At the end of this year’s Giro d’Italia Tom Pidcock was frustrated. The experience of his fifth grand tour wasn’t terrible: he finished 16th overall, with a collection of top-ten finishes on stages. But when he spoke to The Independent in Rome, every positive sentence discussing his race felt like it came with an unspoken “but…”. The race was a missed opportunity, and Pidcock felt it keenly.
Things feel very different now. With three stages remaining at the Vuelta a Espana, Pidcock is poised for the best result at a grand tour in his entire career. Third going into the final weekend behind two-time Tour de France champion Jonas Vingegaard and his rival Joao Almeida, Pidcock has well and truly arrived as a grand tour racer.
He has yet to win a stage (pro-Palestine protests forced the cancellation of stage 11 and deprived him of a likely win then) but has been second twice, both on difficult summit finishes, and in the top 10 another four times so far. He sits 2’39” down on race leader Vingegaard, who he briefly distanced with a stunning acceleration on stage 11, and 39 seconds clear of his closest challenger for the podium, Jai Hindley.
His form is clearly superb, but grand tour racing is about more than just form. Significantly, the 26-year-old has cut a more relaxed figure, too, aside from his evident frustration at being denied a stage win in Bilbao. He has been reluctant to speak bullishly about his chances, opting for the standard athlete-ese of taking each day as it comes.

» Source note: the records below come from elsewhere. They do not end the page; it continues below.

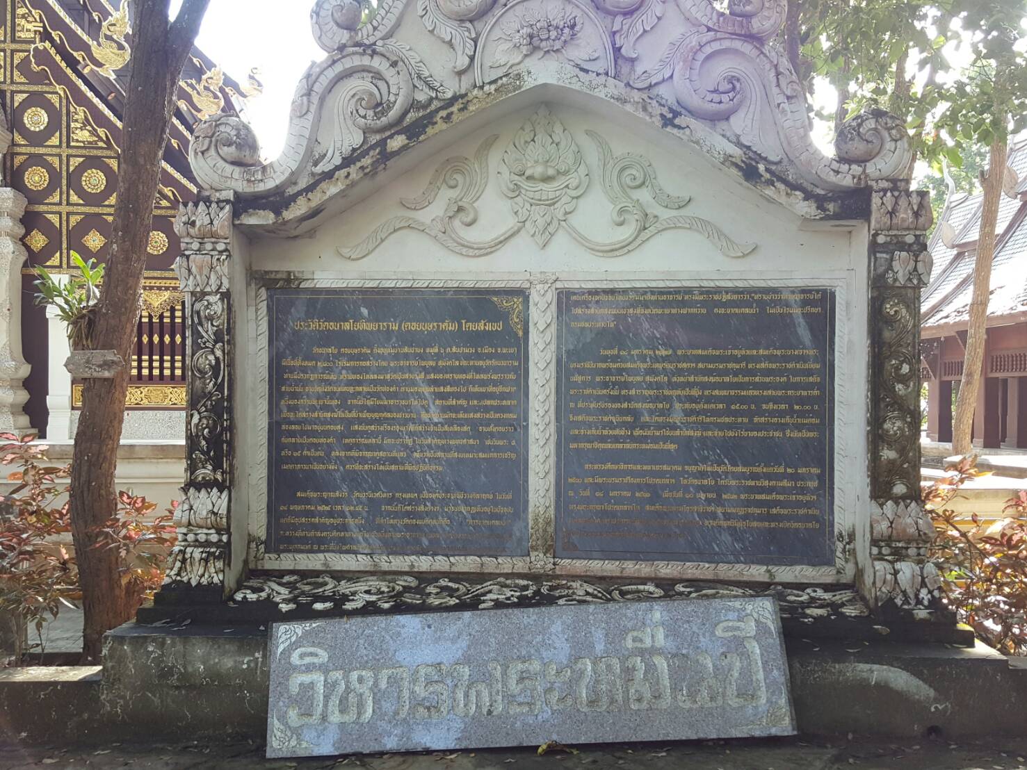 หน้าวิหารพระหมื่นปี มีป้ายบอกประวัติการก่อสร้างของวัดไว้ แต่ไม่บอก พ.ศ.ที่สร้างและไม่บอกวัตถุประสงค์ที่แท้จริงว่า แนวคิด (Concept) ในการสร้างวัดเป็นอะไร เพราะมีเทพทั้งของพุทธและพราหม์อยู่ด้วย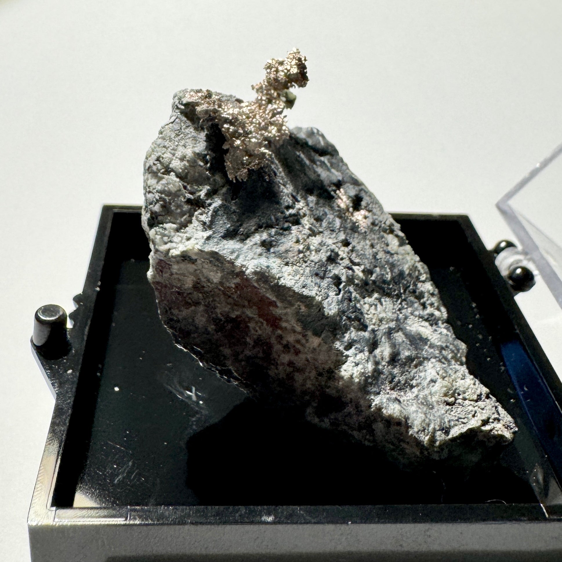 Beautiful Native Silver on grey host rock specimen mounted in a 2" acrylic box.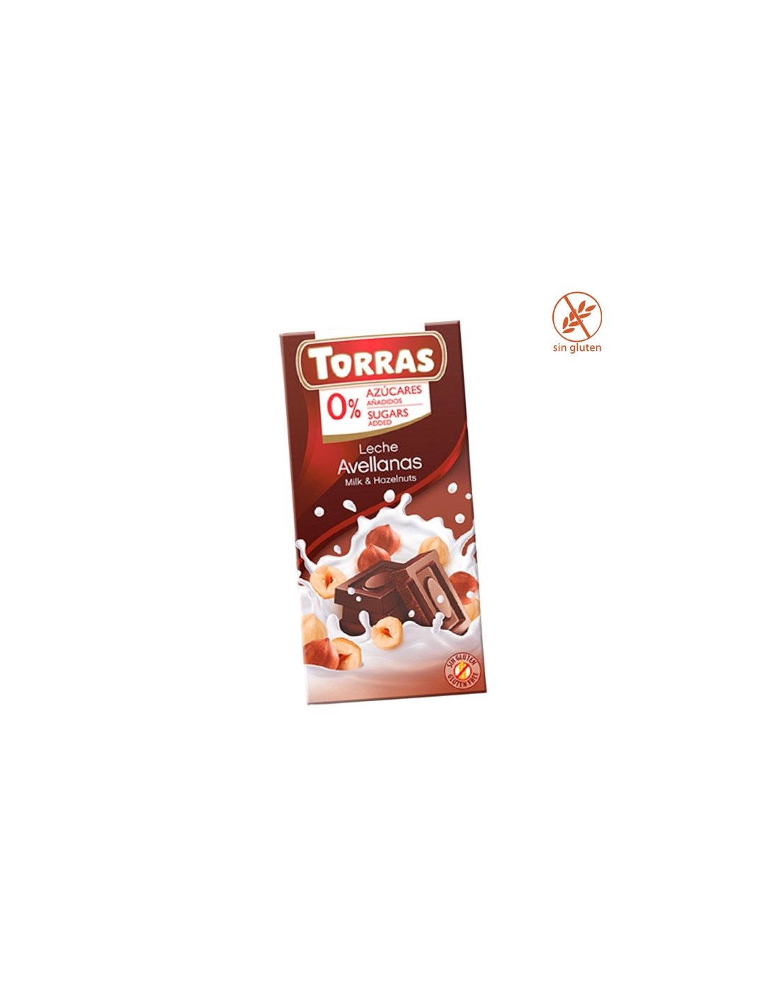 Tableta Chocolate Avellanas sin azúcar 75gr Chocolates Torras es un chocolate lecha avellanas con edulcorante. Sin Gluten y apto vegano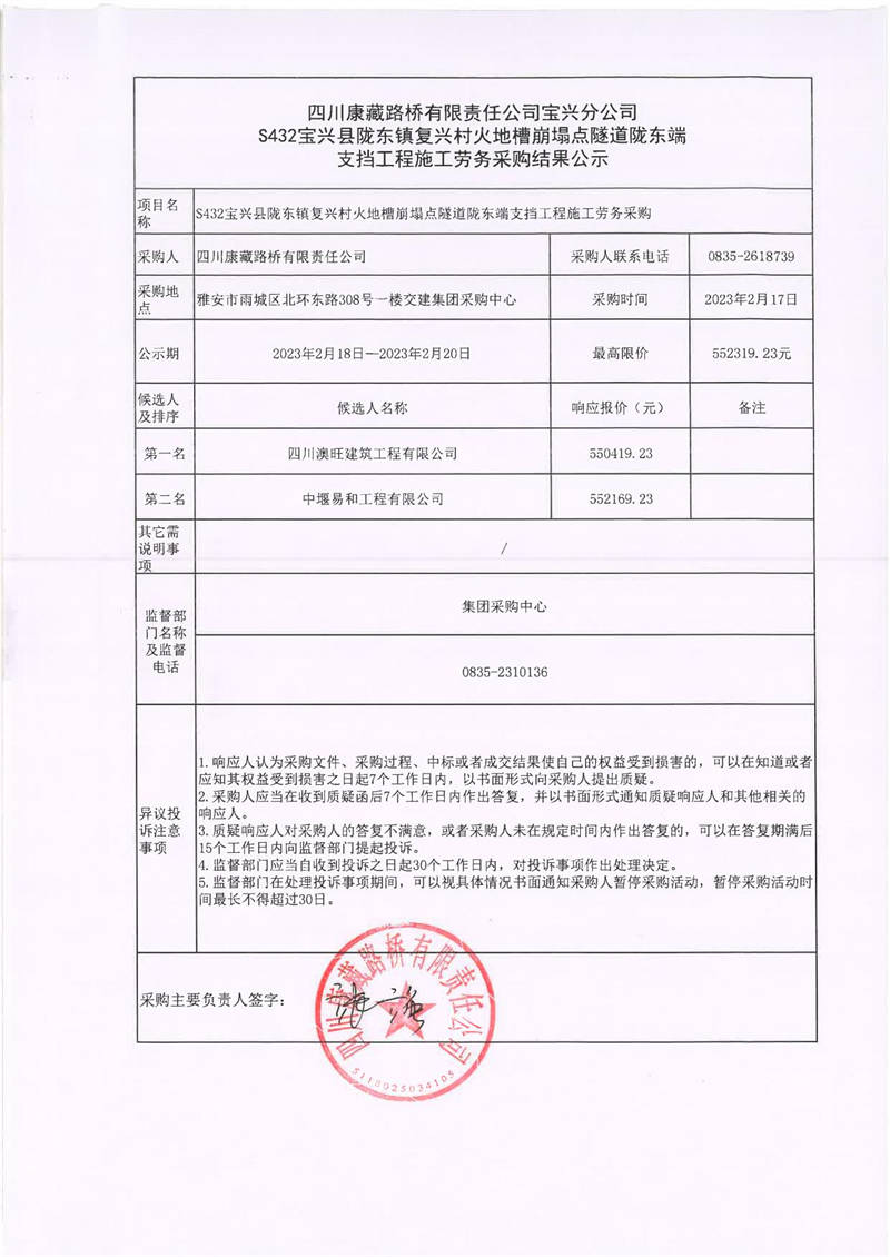 四川康藏路橋有限責(zé)任公司寶興分公司S432寶興縣隴東鎮(zhèn)復(fù)興村火地槽崩塌點(diǎn)隧道隴東端支擋工程勞務(wù)采購(gòu)結(jié)果公示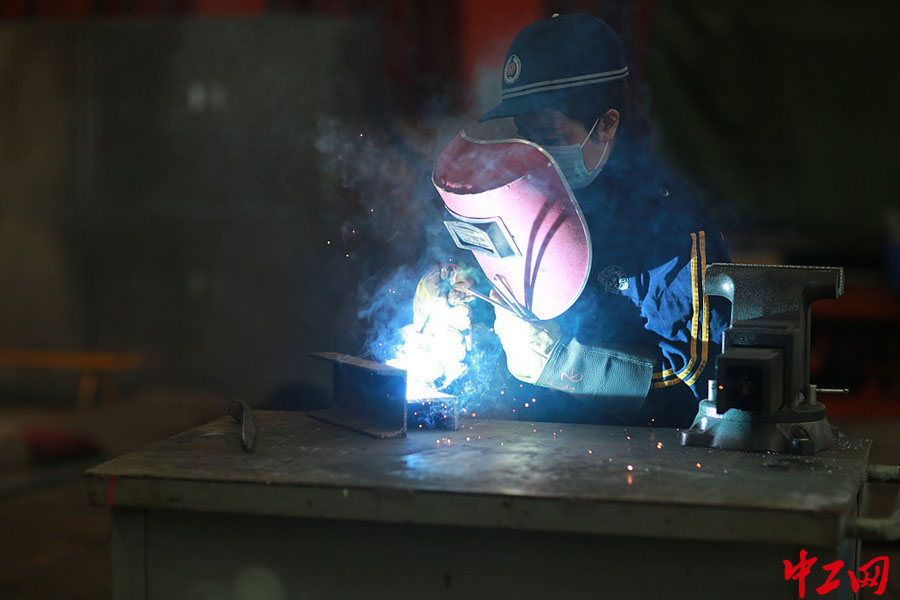 9月2日,言语不多,面带笑容,面对镜头还有些许腼腆。一身防护服,一双防烫鞋,一把焊枪,一个电焊罩,一个工作帽,是她将近三十年的最美装扮。她就是重庆机务段检修车间唯一的女电焊工殷燕飞。(苏志刚/视觉中国)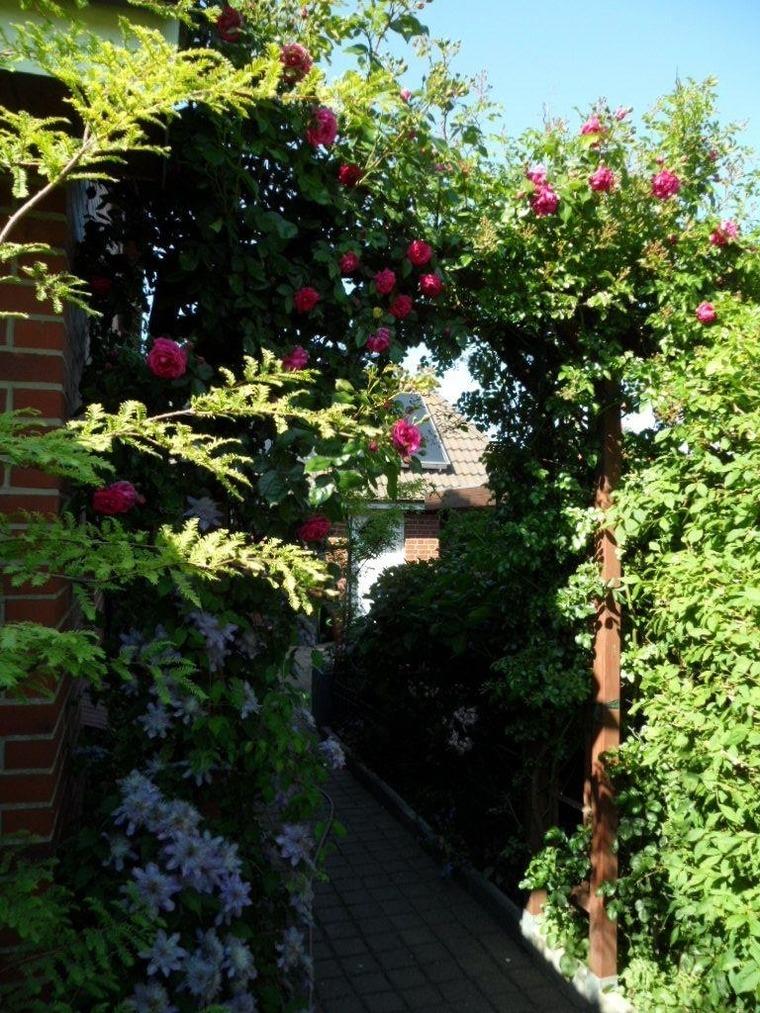 Beim Gartenhaus ist noch eine Sitz Möglichkeit, Auflagen sind im Gartenhaus.

But that philosophy has stood him in good stead. He has largely kept pace with his biggest rivals on GC, and ridden intelligently on the most brutal mountain stages to limit his losses. Not only has this been his best performance form-wise over three weeks, it has also been his most mature. It’s a telling sign that he has both the attitude and ability to compete at the highest levels at a grand tour – something that wasn’t always the case.
The toughest challenge is still to come, with Saturday’s penultimate stage featuring five mountains including a hors-categorie summit finish on the Bola del Mundo. Pidcock lost 1’32” to Vingegaard on the only stage to rival 20 for difficulty, stage 13’s 202km run to the summit of the infamous Angliru.

The in-form Hindley moved up four places in the overall standings then and has been building in strength throughout this race. A former Giro d’Italia champion, he is the biggest threat to Pidcock’s maiden grand tour podium. But Pidcock overcame one stern test from him in stage 18’s time trial, adding to his lead by another three seconds, having been expected to lose some time to the Australian.
“After Bilbao, the stage took a lot out of me mentally to deal with it, and I think I suffered in the last part of the second week. But this week I feel again like I did in the first part of the race, I feel super good,” Pidcock said after the ITT. “Definitely confident but not getting complacent. For me, finishing on the podium is bigger than a stage win, much as I’d like to win.”
Regardless of what happens on the Bola del Mundo, and whether he picks up a stage win or not, this Vuelta has been an enormous success for Pidcock. After an assortment of top-20 finishes on GC at the Giro and Tour de France, he will leave Madrid with at least a top five, and confidence that he can build on that in the future.
There has been an element of trial and error to his first full year with Q36.5. Pidcock admitted that his build-up to the Giro was less than ideal, having raced a full-on calendar from the UAE Tour in January all the way through the spring, leaving him with little in the tank in Italy. The second-tier team’s preparation was further hampered by only receiving news of their wildcard to the Giro a shade over five weeks before the start.

The Vuelta was different; Q36.5 had it on the agenda months in advance, and Pidcock returned refreshed and rejuvenated for the second half of the season, having learned his lesson. It’s paid off.
What makes this achievement all the more impressive is that Pidcock has not been able to call on the might of the super-teams supporting Vingegaard, Almeida, and even Hindley. Those around him on GC have the world’s best domestiques at their disposal, and all the infrastructure and machinery of the peloton’s biggest-budget teams. Q36.5 cannot claim either of those but have punched well above their weight throughout this race – and have demonstrated a commitment to their team leader that Almeida, even with his squad of superstars, would no doubt envy.
Perhaps the most exciting element of Pidcock’s arrival as a grand tour rider is that this feels like only the start. Eddie Dunbar – a double Vuelta stage winner – and Chris Harper, a Giro stage winner earlier this year, are set to join the team in 2026, and will be invaluable support to Pidcock in the high mountains of a grand tour. Further arrivals in Fred Wright and the Alpecin-Deceuninck pair of Quinten Hermans and Xandro Meurisse will add firepower on more rolling terrain. Pidcock’s squad of overachievers this year may be a serious force to watch next season.
A month on from compatriot Oscar Onley’s coming of age at the Tour de France, Pidcock – a rider who has achieved an enormous amount in what is still a young career – has achieved the same in his second act. He was already a fine one-day racer and Classics specialist, to go with his prowess in cyclo-cross and on the mountain bike. Now he has proved he belongs among the grand tour contenders. The next step is to see just how far he can go.